Analysis
On 9 September 2012, the first respondent (Dr Boff) executed a lasting power of attorney for property and financial affairs, in which she appointed her husband to be her sole attorney, and then attempted to appoint three replacement attorneys in order of succession. Dr Boff’s husband, the second respondent (Mr Boff), executed a virtually identical LPA on the same day and they applied to the Office of the Public Guardian (the OPG) to register the instruments.
On 7 November 2012, the OPG wrote to Dr Boff’s solicitors stating that they were unable to register the LPAs on the basis that replacement attorneys cannot replace other replacement attorneys. The OPG was, however, prepared to register the LPAs if the Court of Protection severed the ineffective provisions. Accordingly, on 5 June 2013, the OPG applied for an order in those terms: the witness statement prepared on behalf of the Public Guardian accepted that there was no express limitation or exclusion of successive appointments in the Mental Capacity Act 2005, but relied on the pre-legislative history to that Act and the scheme for LPAs more generally.
On 28 June 2013, by an acknowledgment of service and witness statement, Dr Boff objected to the application and sought registration of the LPA in its originally executed form.
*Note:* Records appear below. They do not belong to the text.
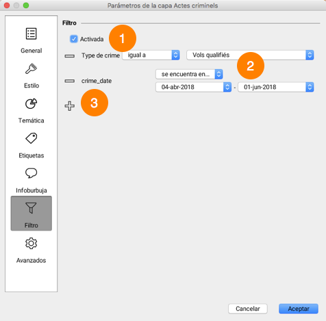 <table data-header-hidden><thead><tr><th width="84.08771929824562"></th><th></th></tr></thead><tbody><tr><td><strong>1</strong></td><td>Marque la casilla para activar el filtro. Los elementos que no pasan el filtro no se visualizan en la capa. Usted puede desactivar el filtro sin eliminarlo.</td></tr><tr><td><strong>2</strong></td><td>Atributos que componen el filtro.<br>Cada atributo está asociado a un <a href="#operadores-de-filtros">operador</a> y un valor del atributo. Los operadores varían en función del atributo.</td></tr><tr><td><strong>3</strong></td><td>Haga clic sobre el icono para añadir un atributo al filtro.</td></tr></tbody></table>
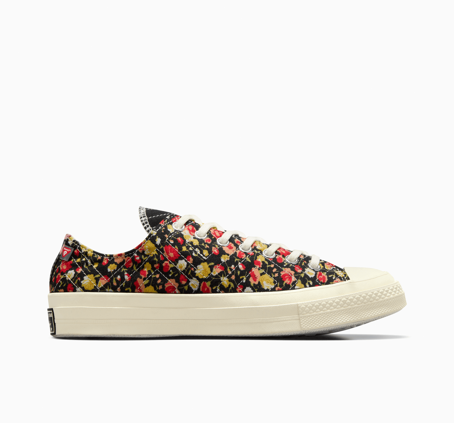 Our latest upcycling exploration with UK-based vintage retailer Beyond Retro utilises pre-loved floral garments to create a new expression of the premium Chuck 70. Because each upcycled garment is unique, no two pairs in this limited-edition capsule are exactly alike—with distinct variation in hues and patterns.
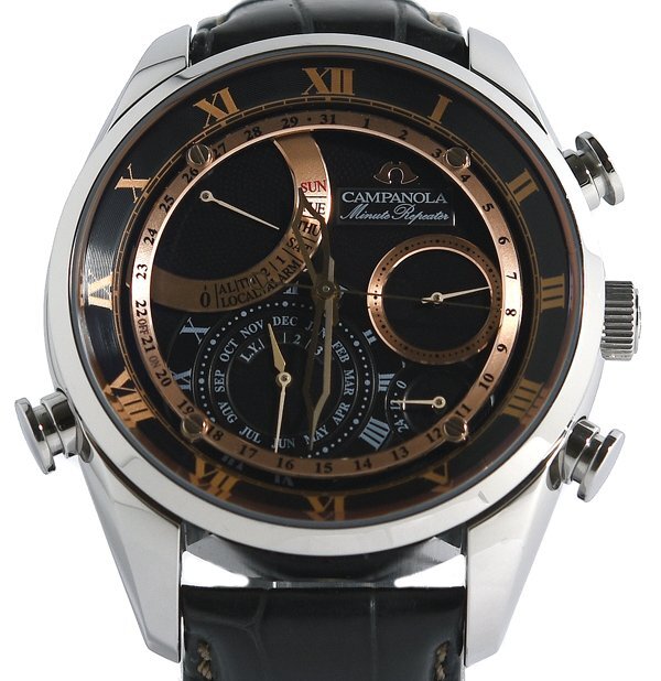 | 仕様 | パーペチュアルカレンダー / デイ&デイト表示 / 24時間表示 / ミニッツリピーター / デュアルタイム機能 / ローカルタイム機能 / アラーム 1・2 | ||

Dr Boff highlighted the fact that MCA 2005, s10(8) does not expressly state that replacements may only be of original attorneys, questioned whether pre-legislative material should properly be taken into account in interpreting an act of Parliament and suggesting the hardship that might be caused by the applicant’s interpretation of s10(8).
Held:
- (1) MCA 2005, s10(8) is ambiguous with respect to successive appointments and therefore recourse should properly be had to pre-legislative material to help determine the intended meaning of the section (Pepper v Hart [1992] UKHL 3) (paras 42-43).
- (2) Having regard to the pre-legislative history, in particular the radical shift between Law Commission recommendations that successive appointments should not be permitted in 1983 and the recommendation that donors should be able to appoint an alternate attorney in 1995, the scheme of the MCA 2005 more generally and the prescribed form of an LPA which makes no provision for sole successive appointment, a replacement attorney can only replace an original attorney (para 46).
- (3) Accordingly, the second and third replacement attorneys were severed from Dr and Mr Boff’s LPAs (this being their preference over MCA 2005, s10(5) operating to appoint the three named replacement attorneys jointly).
- (4) Obiter:
- (i) To achieve what she intended within the existing framework, Dr Boff should have executed two LPAs each appointing one attorney and one replacement attorney, with a condition that the second instrument will not come into effect until the first instrument has ceased to operate (para 48).
- (ii) Previous Law Commission reports and the Mental Capacity Act 2005 failed to deal with the complexities of successive appointments. Traditionally such appointments were considered a bad idea and indeed there practical problems with such appointments (paras 50-52).